*** MATERIAL SUPPLIED Section Begins ***

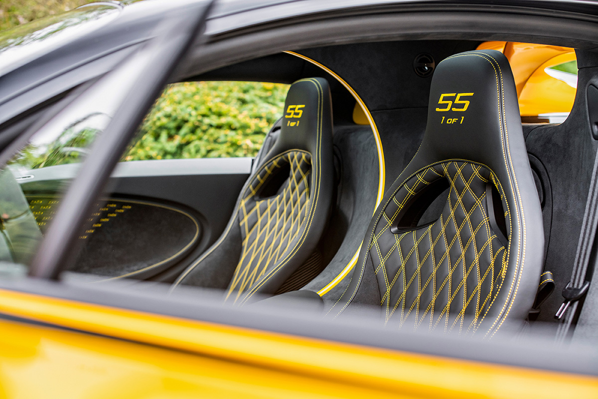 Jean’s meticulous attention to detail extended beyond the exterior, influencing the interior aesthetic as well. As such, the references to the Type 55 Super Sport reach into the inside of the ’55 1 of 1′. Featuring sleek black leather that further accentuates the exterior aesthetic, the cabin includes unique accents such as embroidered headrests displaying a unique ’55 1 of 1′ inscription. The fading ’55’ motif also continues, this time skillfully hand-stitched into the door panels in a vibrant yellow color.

*** MATERIAL SUPPLIED Section Ends ***
*** MATERIAL SUPPLIED Section Begins ***

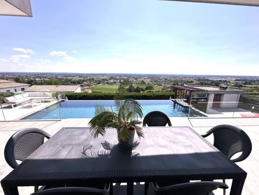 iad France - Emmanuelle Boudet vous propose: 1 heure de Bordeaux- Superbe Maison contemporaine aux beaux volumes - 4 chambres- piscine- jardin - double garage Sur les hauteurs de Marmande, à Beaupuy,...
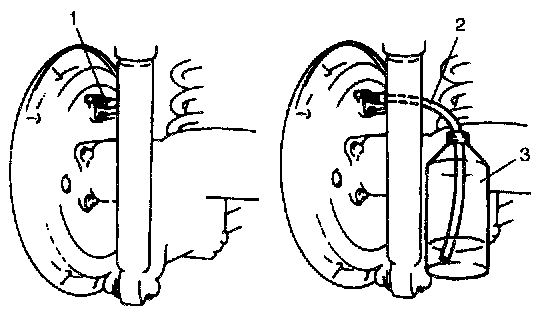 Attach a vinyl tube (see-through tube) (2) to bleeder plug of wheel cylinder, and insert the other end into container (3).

*** MATERIAL SUPPLIED Section Ends ***
*** MATERIAL SUPPLIED Section Begins ***

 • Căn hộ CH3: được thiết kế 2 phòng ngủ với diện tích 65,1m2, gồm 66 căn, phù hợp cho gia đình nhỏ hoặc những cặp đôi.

*** MATERIAL SUPPLIED Section Ends ***

**TASK ITEM:** Extract from the material above the stretch running from the line containing "iad France - Emmanuelle" through the line containing "Attach a vinyl". Keep the text exact and the pictures out.

**TASK RESPONSE:**
 iad France - Emmanuelle Boudet vous propose: 1 heure de Bordeaux- Superbe Maison contemporaine aux beaux volumes - 4 chambres- piscine- jardin - double garage Sur les hauteurs de Marmande, à Beaupuy,...
 Attach a vinyl tube (see-through tube) (2) to bleeder plug of wheel cylinder, and insert the other end into container (3).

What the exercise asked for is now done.